Анатолий Дроздов - Рыцари плащаницы
— Смерти, повелитель! — воскликнул Имад, падая ниц.
Саладин на мгновение растерялся. Он ждал, что эмир станет просить пощады, и не собирался ее давать. Получив весть от Фархада, султан твердо решил казнить эмира. Дело оставалось за выбором: повергнуть виновного мучительной смерти или скорой. Поначалу Саладин решил, что Имад умрет на коле. Честные ответы виновного склоняли к решению о быстрой смерти. Однако искренность Имада обезоружила Саладина, теперь он не чувствовал в себе решимости отдать нужный приказ.

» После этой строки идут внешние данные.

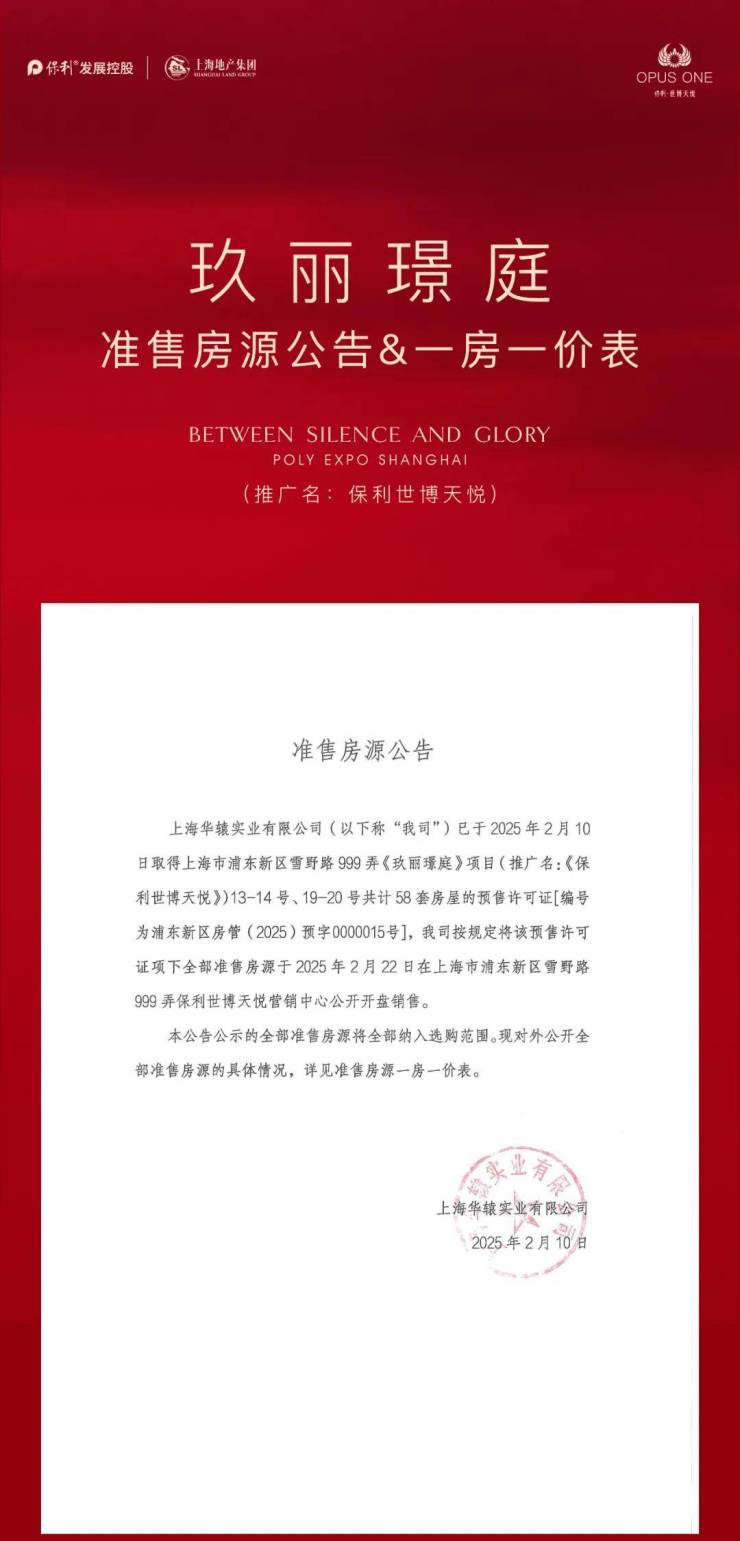 1、项目推广名为“保利·世博天悦”,地名核准名/备案名为“玖丽璟庭”,开发公司为:“上海华辕实业有限公司”;预售证号:浦东新区房管(2025)预字0000015号;2、本资料为要约邀请,不作为要约或承诺;3、相关宣传内容不排除因政府相关规划、规定及出卖人分期规划、未能控制等原因而发生变化;4、买卖双方的权利义务以双方签订的商品房买卖合同及其补充协议、附件等书面文件为准;5、本宣传材料所涉及户型仅供示意参考,具体以政府部门最终审定的图纸和销售合同为准,本资料所涉及面积皆为预估面积,相同户型单位因楼栋、楼层、单元等差异,局部结构、形式、面积、装饰等可能有所不同,且预估面积与实际面积可能存在差异,面积最终以房管局测绘为准。户型图中装修、家具、电器等设备仅为示意,不属于交付内容和交付标准,实际部品的选型和房间空间尺寸根据户型情况,略有差异,以现场实际为准;6、本宣传资料中涉及的价格、折扣、付款方式等信息,因销售时间、户型楼栋、楼层、方位等不同有所差异,以双方签订的商品房买卖合同及其补充协议、附件等书面文件为准;7、本资料所发布的内容为2025年2月的信息,敬请留意最新资料。
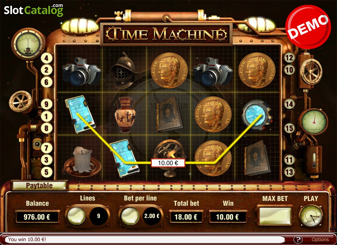 Красочный дизайн является не единственным отличием игрового аппарата Time Machine. Ко всему, он еще очень функционален, поскольку в слоте присутствуют дополнительные бонусные символы и игры, которые стоят наряду с двадцатью игровыми линиями, гарантирующими выигрыш участнику.

— Иди! — велел Саладин. — Я подумаю…
Имад, пятясь, выполз из шатра.
— Он храбрый и преданный воин, — тихо сказал Аль-Адил. — Отличился под Эль-Кудсом…
— Помню! — досадливо отмахнулся Саладин. — За храбрость я сделал его эмиром. Поспешил. Имад слишком молод и глуп. Храбрый воин заслуживает награды, но таким городом, как Эль-Кудс, должен управлять другой человек, умный и проницательный.
— Ты казнишь его?
— Я изменил намерение. Вина Имада — это и моя вина, султан должен с умом подбирать правителей. Смерть виновного не принесет пользы. Мы потеряли много храбрых воинов под стенами Тира. Имад был хорошим сотником, я верну его в войско.
— Ты мудр, повелитель! — поклонился Аль-Адил.
«Потому меня и зовут Несравненный!» — усмехнулся про себя Саладин. Вслух сказал другое:
— Мы снимаем осаду Тира. Ты поведешь войско под стены Триполи. Окружишь его и станешь готовить все для осады.
Аль-Адил насторожился, внимая.
— Я возьму две тысячи воинов и направлюсь к Азни. Это недалеко, в случае нужды ты успеешь придти мне на помощь, а я — к тебе. Две тысячи мне хватит. Не думаю, что старый волк успел собрать большое войско, Азни мы возьмем скоро.
«Ты рассчитаешься с Зародьяром за старую обиду! — подумал Аль-Адил. — И прославишься вовек среди правоверных. А я буду стоять под Триполи, который нам все равно не взять. Вся слава достанется Несравненному, мне — упреки»!
Мысли Аль-Адила отразились на его лице. Саладин усмехнулся:
— Хочешь, иди со мной! Войско под Триполи найдется кому вести.
— Благодарю, Несравненный! — сказал Аль-Адил, кланяясь.
— Сейчас иди! Я хочу отдохнуть.
Когда младший брат ушел, Саладин с наслаждением растянулся на ложе. Боль в спине почти утихла, слегка пощипывая хребет, но это уже не вызывало беспокойства. Султан смежил глаза.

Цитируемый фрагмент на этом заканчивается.